Искусства – это разные народы и нации и даже расы одной великой цивилизации по имени Культура. Меж ними – разноязыкими и разноцветными – нет вражды.
Разве может музыке не нравиться живопись, а поэзия не любить прозу?!
Люди, творя искусства, учатся у своих произведений. Учатся и не могут никак научиться.

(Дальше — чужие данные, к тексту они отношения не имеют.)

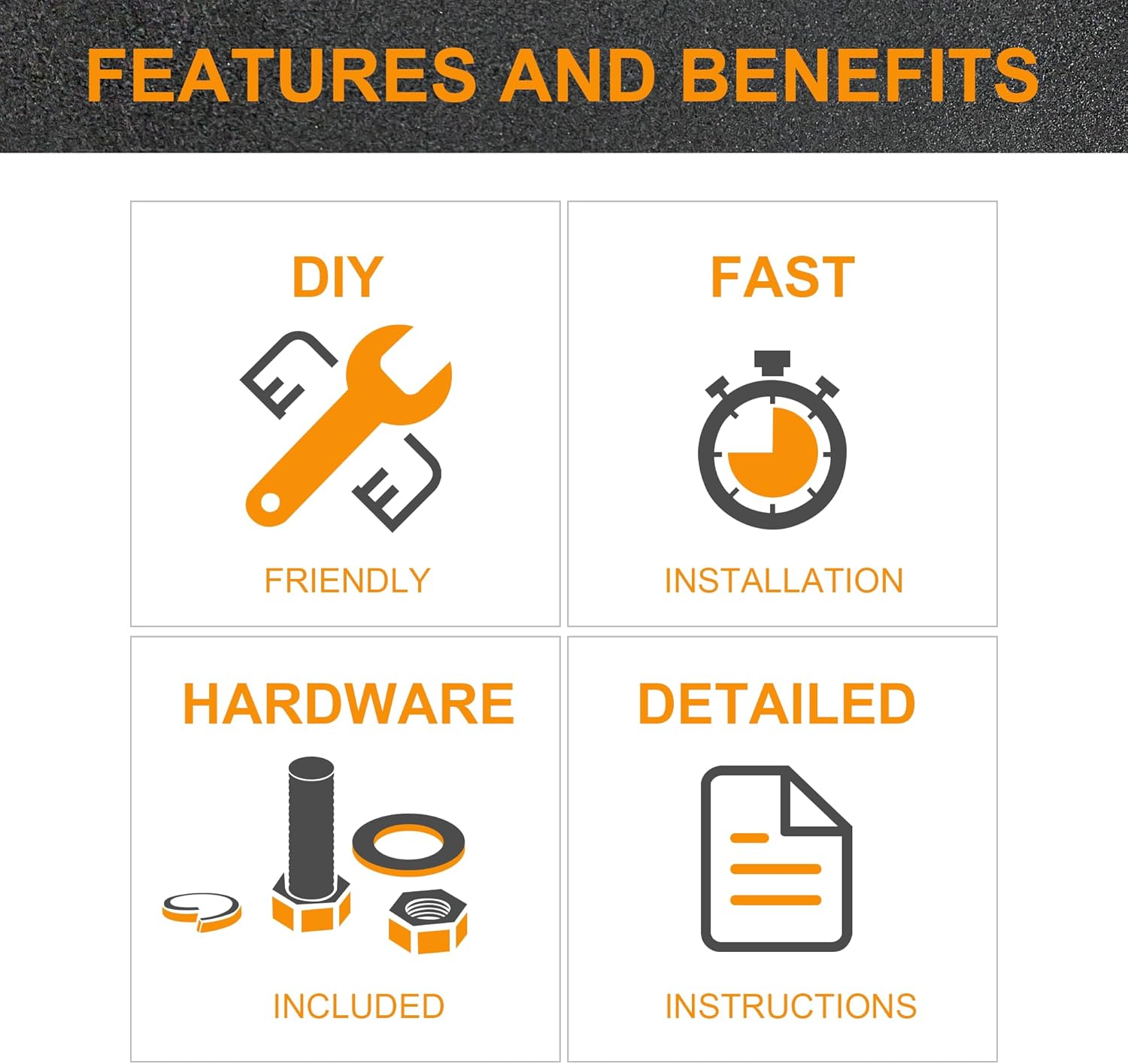 EASY INSTALLATION WITHOUT DRILLING — Simply secure with bolts. Comes with a detailed manual and all necessary accessories.
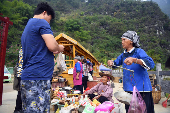 2015年凌云县借助浩坤湖山水自然风光优势,以“景区+村集体+农户”共建模式,引导帮扶贫困群众参与发展民宿旅游等特色产业,多渠道促增收。今年1月至10月,浩坤湖景区接待游客近50万人次,实现旅游综合消费1.42亿元,浩坤村现在已经有152户709人脱贫,贫困发生率降至13.11%。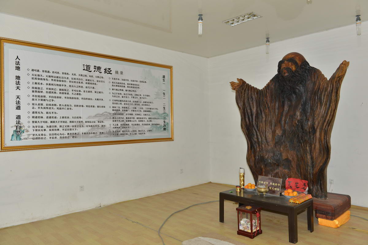 老子古匾館,盛宏四館(博物館、萬旗館、老子古匾館、榮譽館)之一,該館比過去的老子館規模擴大十倍。館內供巨型老子古樟雕像,高2.44 米,寬1.98 米,五人合抱有余,此樹出自緬甸。
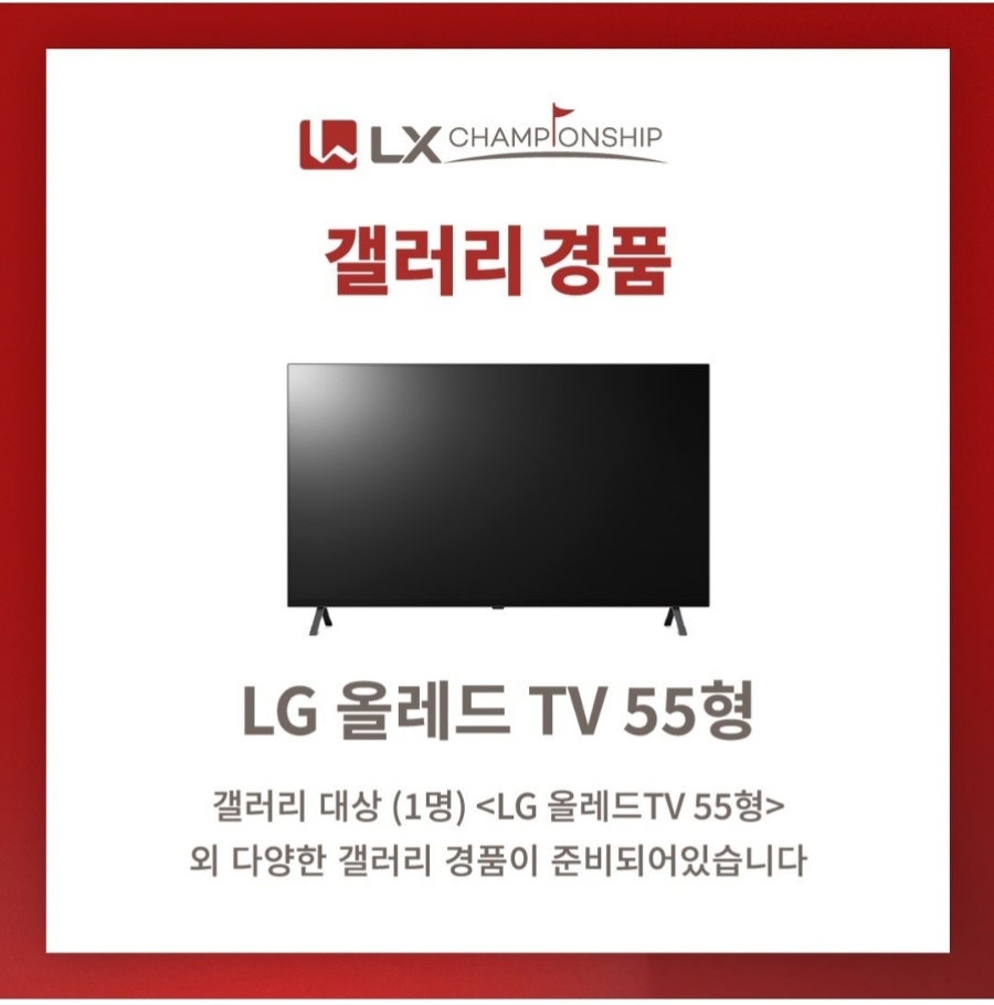 갤러리 경품으로는 LG 올레드 TV 55인치가 1위 상품입니다. 올레드라니 좋네요.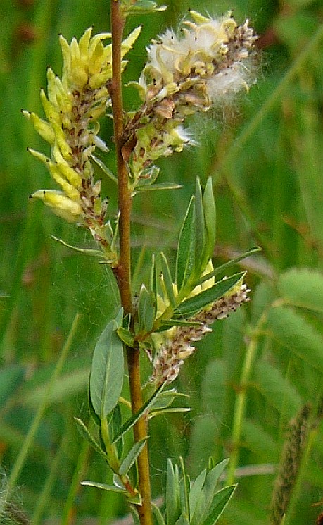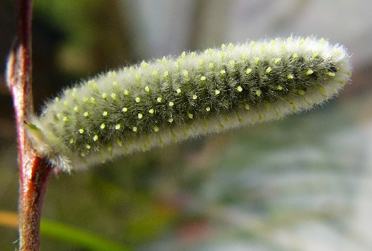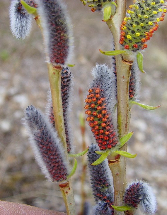 Die Kätzchen einiger anderer Weidenarten (hier z.B. Salix eleagnos) haben keine bärtig behaarten Tragblätter, weswegen die Kätzchen nicht pelzig erscheinen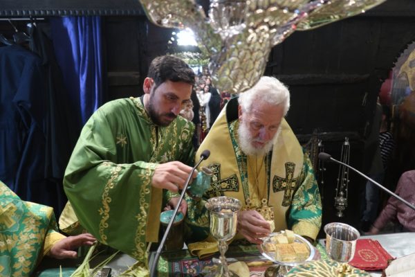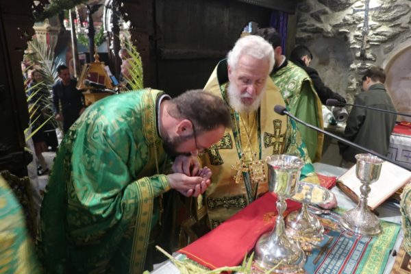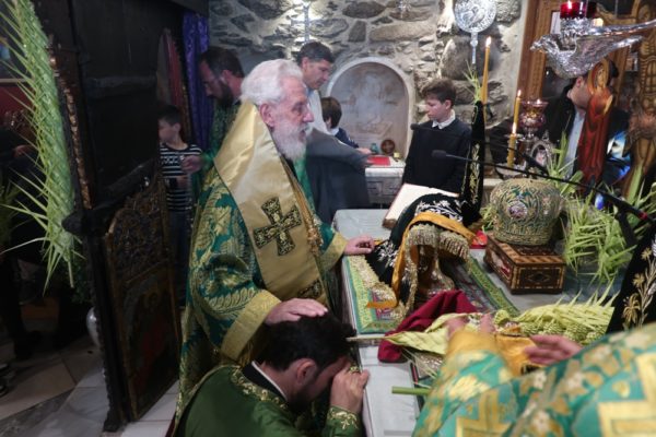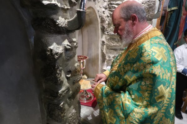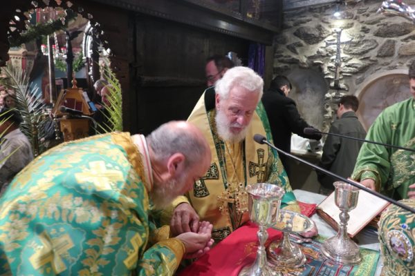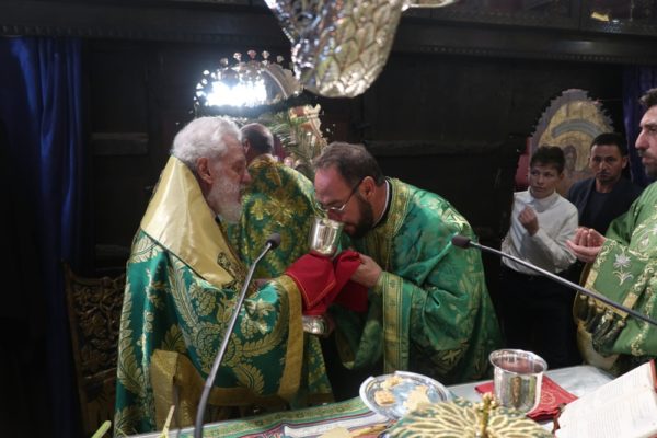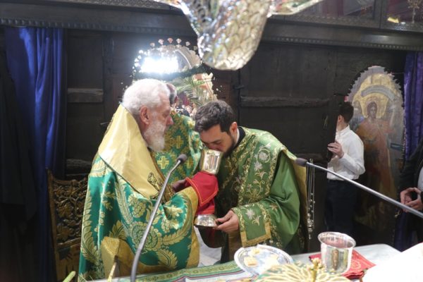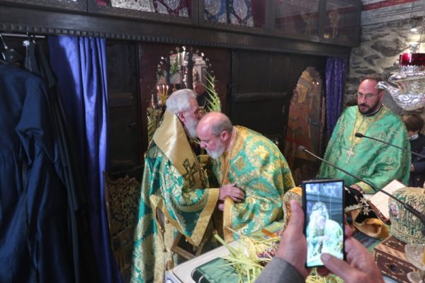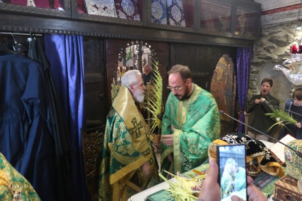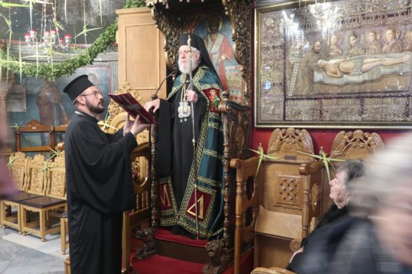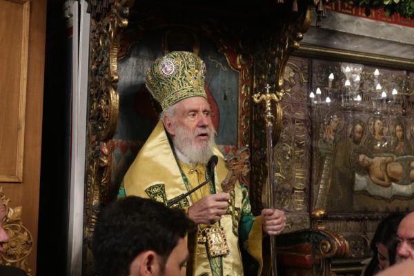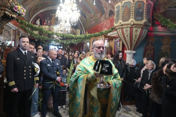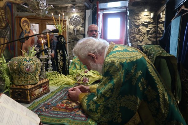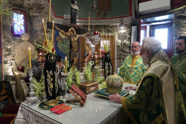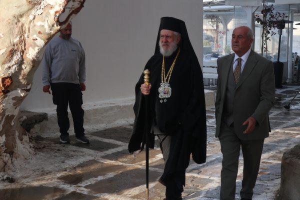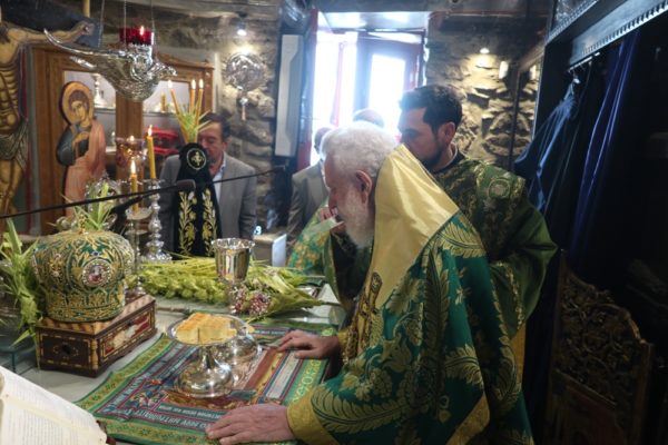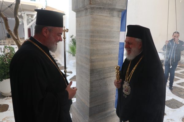 Το μεσημέρι, ο Σεβασμιώτατος έπλευσε στην ιερά νήσο Τήνο και το απόγευμα τέλεσε την Ακολουθία του Νυμφίου στον Πανίερο Ναό της Ευαγγελιστρίας.

Дискуссия на симпозиуме филологов:
– Язык будет развиваться от сложных построений, от прихотливой фразы до односложной простоты, понятной во всех концах земли. Так мы идём к полному отсутствию речи, то есть к телепатии.

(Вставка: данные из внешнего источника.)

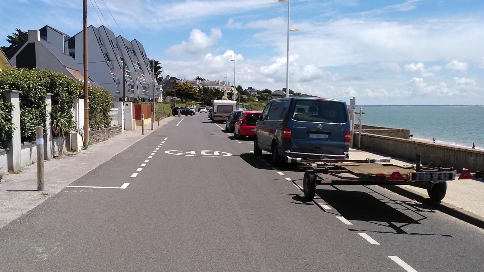 La rue d'accès à la plage étant en sens unique(NW->SE), le mieux est de rendre à son début, càd à l'adresse: 3 boulevard de l'océan Pornichet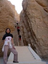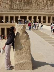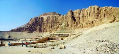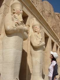 其實帝王谷外圍還有一區是貴族和高官的墳墓,被發現的已經有超過四百座,壁畫都不輸給皇家喔!看在時間有限的份上,盜墓課得告一段落,Hassan帶我們繞著山丘拜訪一位女法老。這個女法老的盛名逼得Thutmosis III連死後都得強調自己才是正統,她就是Hatshepsut。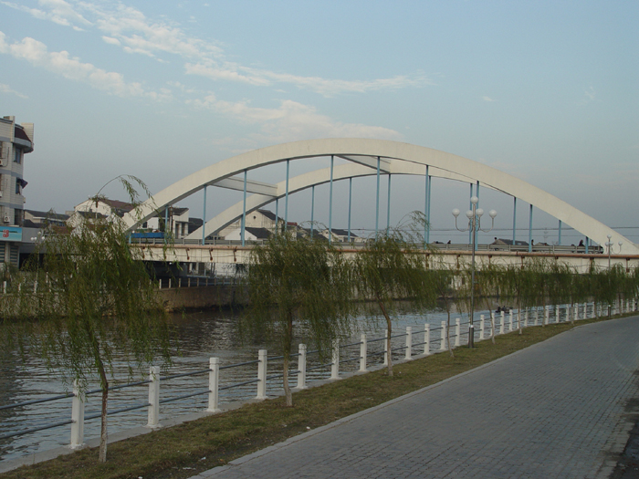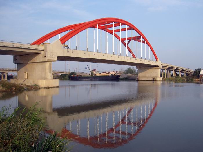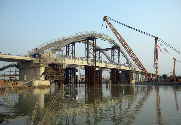 常熟常滸河拓浚梅李大橋?yàn)轭A(yù)制混凝土拱肋系桿拱橋,主跨

– В английском языке так много лишних букв.
– Со временем человечество вернётся к латыни. А почему бы нет?! Звучный с достаточно разумной грамматикой язык! Возникнет общечеловеческая империя. И чтобы никому не было обидно, языком, во всяком случае официального общения, станет латынь.
Мой роман с исторической прозой – этой довольно «трудоёмкой» дамой – был кратковременным и закончился (как это бывает у простаков с умными женщинами) дружбой. Эти отношения, ставшие для меня весьма плодотворными, продолжаются до сих пор. А успевшее родиться дитя, которое я с чувством назвал Мистико – Фантастика, радует моё неугомонное сердце всё новыми, с каждым разом – как мне кажется – всё более прелестными откровениями.

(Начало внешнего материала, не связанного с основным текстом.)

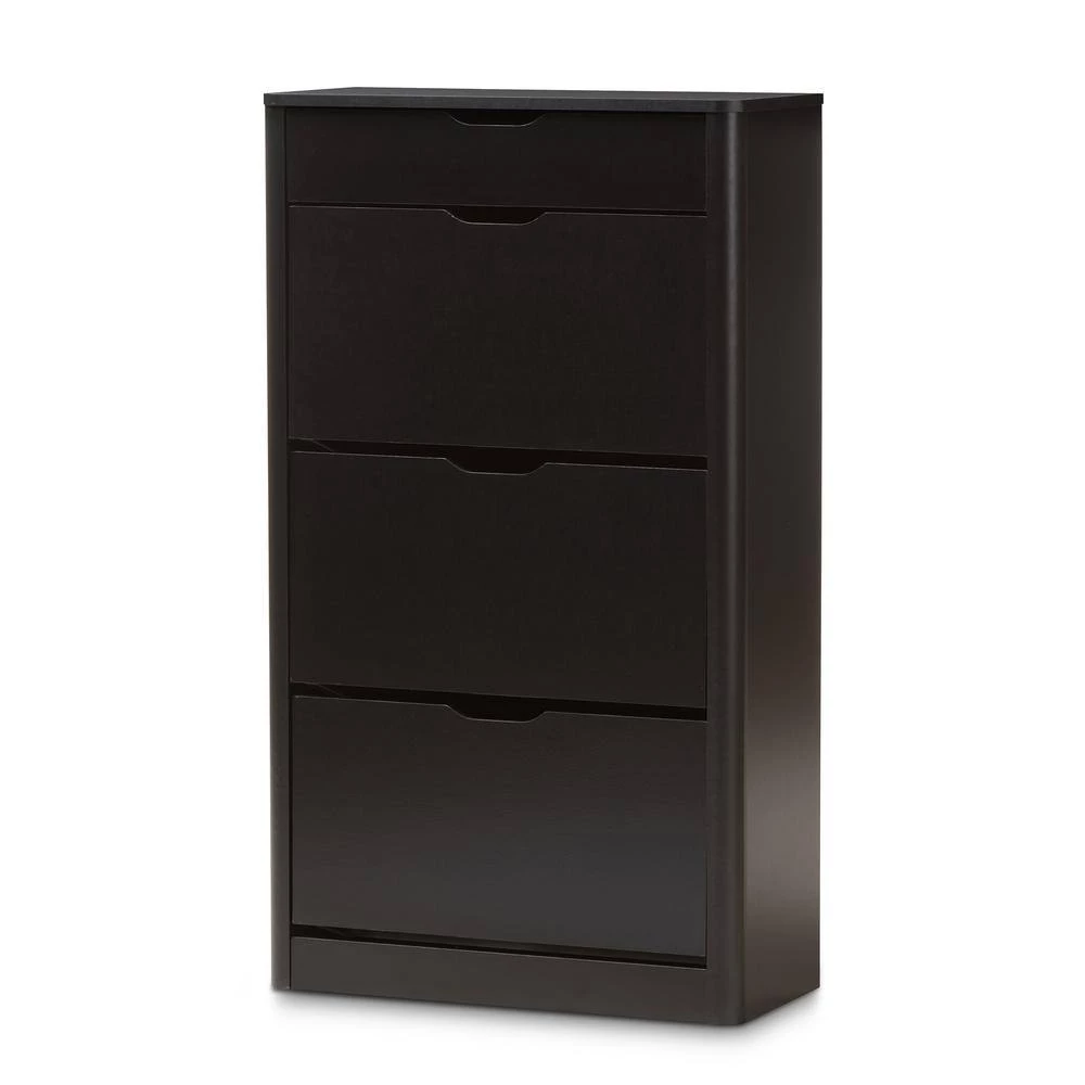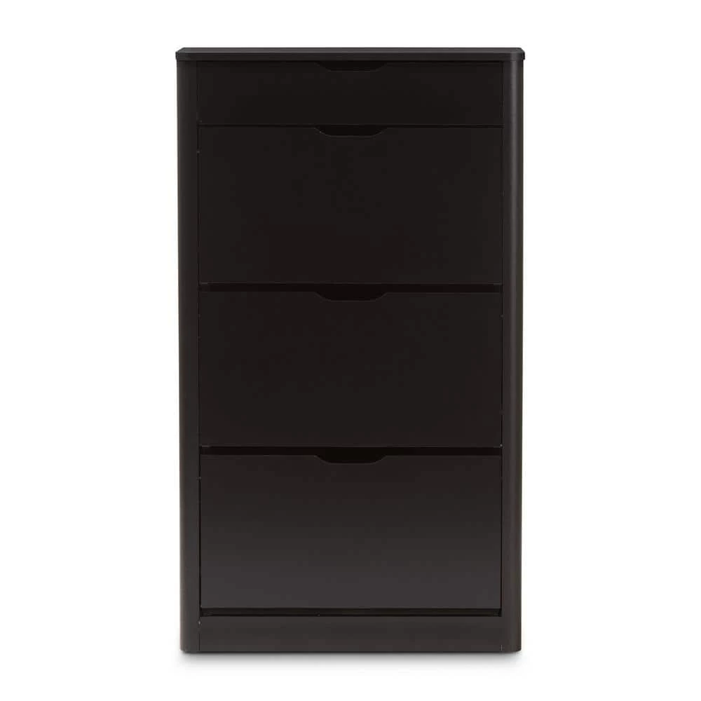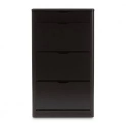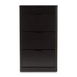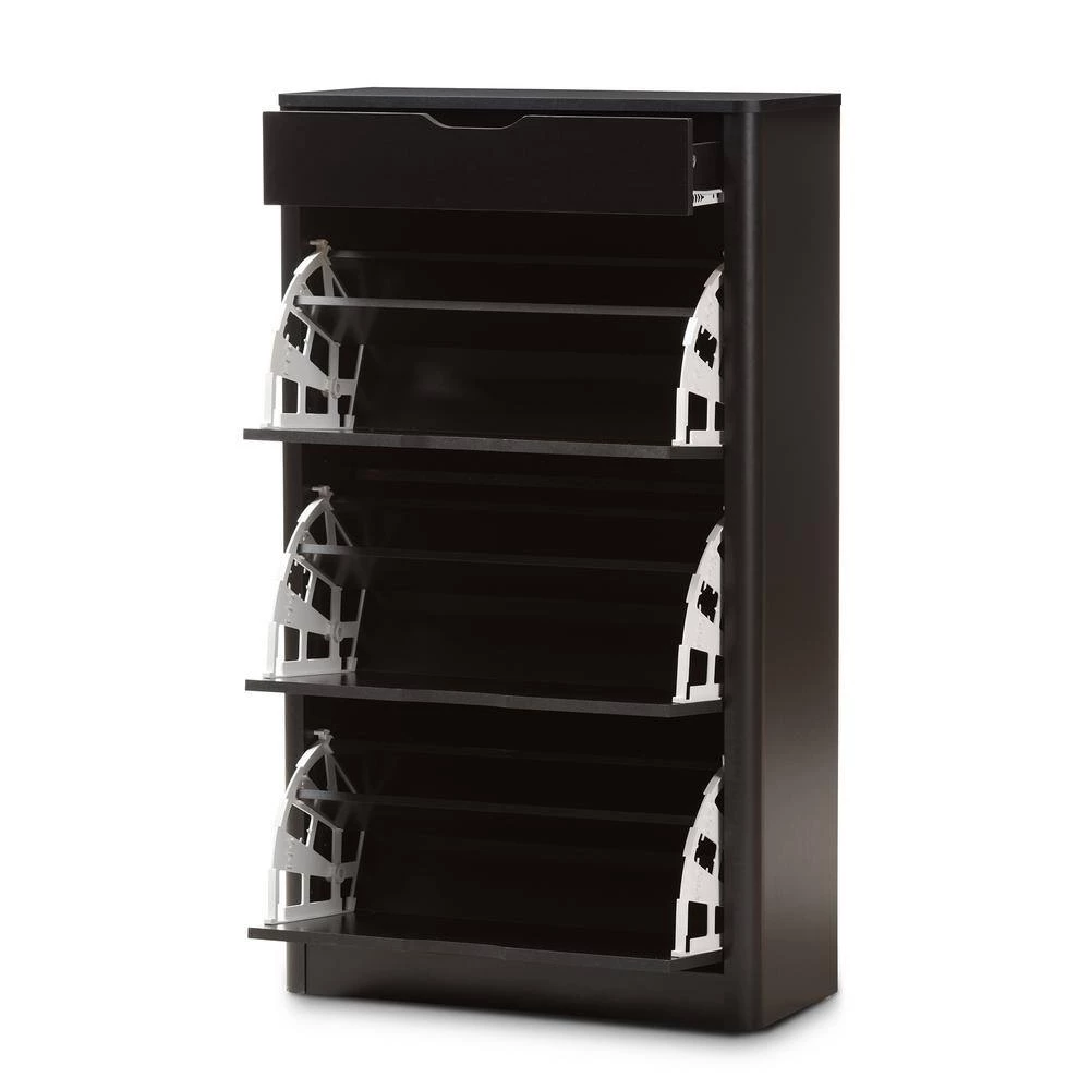 Update your everyday organization with the smart design and spacious drawers of the Cayla black shoe cabinet. Constructed of durable engineered wood for a sturdy structure with black finish for lasting good looks, the Cayla features soft-forming side panels outlook for a contemporary feel. One drawer space at the top is ideal for storing spare knick-knacks, deodorizers and shoe-shine polishes. Three drawers with fold-down doors reveal angled compartments to easily access your shoes. Store up to 12 pairs of shoes for your convenience. Perfect for your entrance or bedroom for keeping sneakers, heels and flats under wraps. Made in Malaysia, the Cayla requires assembly.

У Достоевского страдают, у Солженицына страдают, но как по–разному! Первый видел и предсказал страдания, которые пережил и описал второй. Но в этом ли причина разницы?
Пишите, писаки! Но не пророчьте, хватит! Видите, к чему приводит ваш дар! А страдает кто? Ведь в центре горя, которое вы предполагаете, оказывается и ваш брат, то есть, в сущности, вы сами. Поскольку вы ведь сами – страдательный залог. Накликанный на вашу голову вашими же коллегами–предшественниками. Остановитесь, братья!
Жизнь моя выше морали! Параскева.
Хакхан – высокий, седой, по–старчески сутулый и, как бывает в таком возрасте, легкий – походит на профессора, хорошо напуганного жизнью, отрёпанного карьерой. Внешне и в манере общения Хакхан – сама предупредительность, интеллигентность. Однако проницательный взгляд мог бы в нём если не разглядеть, то хотя бы заподозрить глубоко спрятанный, так никогда и не преодолённый страх. Хакхан знает чего бояться. И он боится этого, и всегда и весьма искусно прячет свой страх, потому что ещё больше боится, что эту его тайну узнают те, кто считает его бесстрашным, кто верит в него, рассчитывает на него.
– А у тебя каренькие глаза! Значит, отзывчивый ты. Вы только посмотрите: слушает внимательно! – говорил раскосый блондин с головой, перевязанной черной лентой.
– Наверное, из аборигенов, – вторил за лидером круглолицый чернявый коротун.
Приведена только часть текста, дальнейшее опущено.